The high life: how to do Mount Everest without being a pro
It has never been easier – or more luxurious – to visit the countryside around the mountain
Mount Everest is irresistible, yet dangerous. Most will not stand on its summit. Happily, visiting the foot of the mountain has never been simpler, with treks and tours in the surrounding Nepalese countryside revealing a stark landscape that is even dotted with a few luxury resorts, complete with champagne to go with the views.
I came to the Khumbu, as the region of Nepal around Everest is called, in late October, the heart of the trekking season. Together with 10 others, I was booked on a trek with World Expeditions. Part of the trek included a visit to Everest Base Camp, the closest an average tourist can come to Everest itself. Known as EBC for short, it is the starting point for attempts on the southern (Nepal) side of the mountain. There are also two base camps on the northern (China) side – one off-limits to tourists, who are driven to a spot not far away called a “base camp” for the purposes of tourism. There you can send a postcard and even stay for the night. The view is stunning but tranquil it is not. There is much more satisfaction in an approach up through the Khumbu, following at least part of the route taken by the 1953 British Expedition that succeeded in putting Sherpa Tenzing Norgay and Sir Edmund Hillary on top of the mountain for the first time. Precisely how you follow this route depends on your commitment, time and budget.

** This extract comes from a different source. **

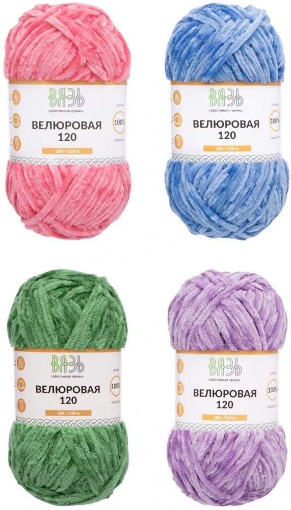 У Велюровой 120 от бренда Вязь уже есть предшественница — более тонкая, но идентичная по составу, цветовой гамме и технологии производства. Вместе эти 2 вида пряжи открывают новые возможности для мастеров, которые вяжут мягкие игрушки.

The most faithful trekkers walk. You can start in exactly the spot that Hillary and Tenzing started but most visitors save themselves a few days and fly, as we did, into Tenzing-Hillary Airport in the small town of Lukla, at an elevation of 2,860 metres. The airport itself is a highlight, and after we had landed to spontaneous whoops and clapping, we watched other aircraft struggle upwards into the thin air off an inclined runway that looks ready to slip right off the hillside itself. From there, it was three-day walk at a gentle pace up to Namche Bazaar, the largest settlement in all Khumbu, around 600 metres above Lukla. The pace was intentionally slow, which helped our bodies adapt to the high altitudes. I had walked up this stretch in less time on a previous visit, but our guides were right – I suffered no repeat of my altitude headache on arrival.
Namche Bazaar, with just more than 1,000 residents, counts as Big City in the Khumbu. Once a trading post between herders on the mountains and farmers from the valley bottoms, it is now essentially a large outfitting post for trekkers, with fleeces and puffy jackets, real and fake, on every corner. Family-run stores sell cheap thangka paintings next to western chocolate next to crampons. You can brush up on your mountain lore at the local Irish pub, which claims the title of “highest Irish bar in the world”.
In Namche, we had our first acclimatisation day, making our way up to the school and hospital built by Sir Edmund. We also got our first look at the mountain at the end of the valley. Still many kilometres away, Everest’s squat rocky pyramid was visible, although overshadowed by the photogenic Ama Dablam (6,812 metres), which rises dramatically above the valleys and is fluted with ice and snow. An incredible view of Everest may be your aim, but it is a sure thing that Ama Dablam will hog many of the shots of your trip. Walking up to and past it over a number of days, it changed form but remained irresistible. While Everest’s dark triangle grew almost imperceptibly on the horizon, our eyes constantly swivelled right to the snow-draped “mother” and “child” peaks of Ama Dablam.